= Coracoid =

Paired bone, part of the shoulder in some vertebrates

Diagram of skeletal structure and musculature of a bird's wing

A coracoid (Note: From Greek κόραξ, koraks, raven and eidos, resembling, like [also gives rise to sarcoid]. Overall the word means "like the beak of a raven or crow". To ancient anatomists it looked like that.) is a paired bone which is part of the shoulder assembly in all vertebrates except therian mammals (marsupials and placentals).

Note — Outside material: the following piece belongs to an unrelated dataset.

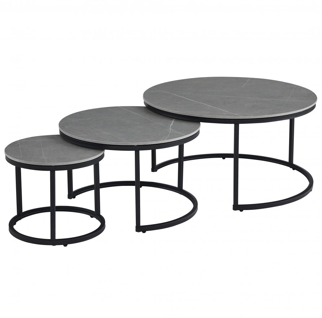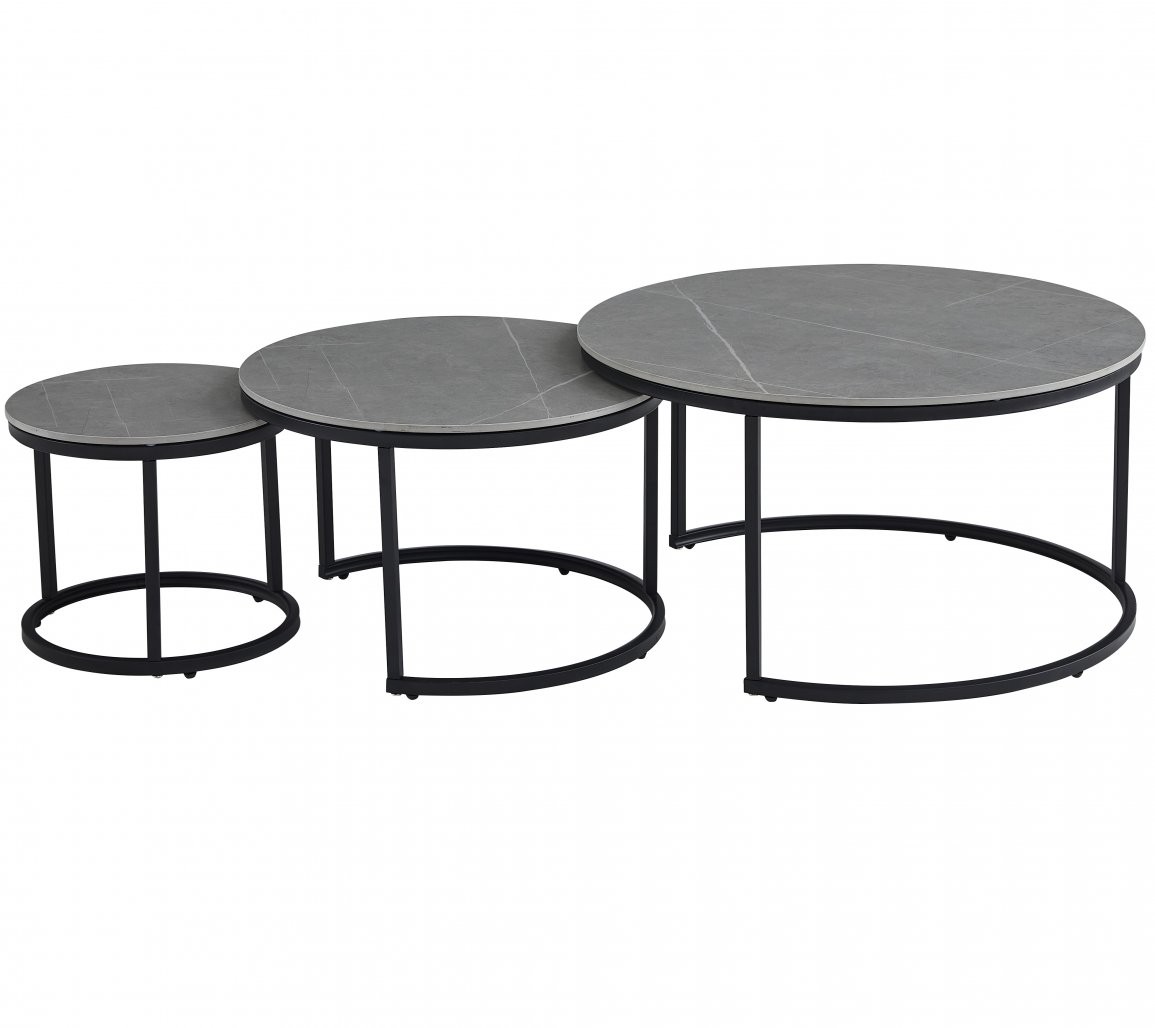 Set treh klubskih mizic MOAN 2 v elegantni sivi barvi je popolna izbira za vsak dom. Njihova inovativna zasnova omogoča enostavno shranjevanje in prilagodljivo uporabo.

In therian mammals (including humans), a coracoid process is present as part of the scapula, but this is not homologous with the coracoid bone of most other vertebrates.

In other tetrapods, it joins the scapula to the front end of the sternum and has a notch on the dorsal surface which, along with a similar notch on the ventral surface of the scapula, forms the socket in which the proximal end of the humerus (upper arm bone) is located. The acrocoracoid process is an expansion adjacent to this contact surface, to which the shoulderward end of the biceps brachii muscle attaches in these animals. In birds (and generally theropods and related animals), the entire unit is rigid and called scapulocoracoid. This plays a major role in bird flight. In other dinosaurs, the main bones of the pectoral girdle were the scapula (shoulder blade) and the coracoid, both of which directly articulated with the clavicle.

In fish, it provides the base for the pectoral fin.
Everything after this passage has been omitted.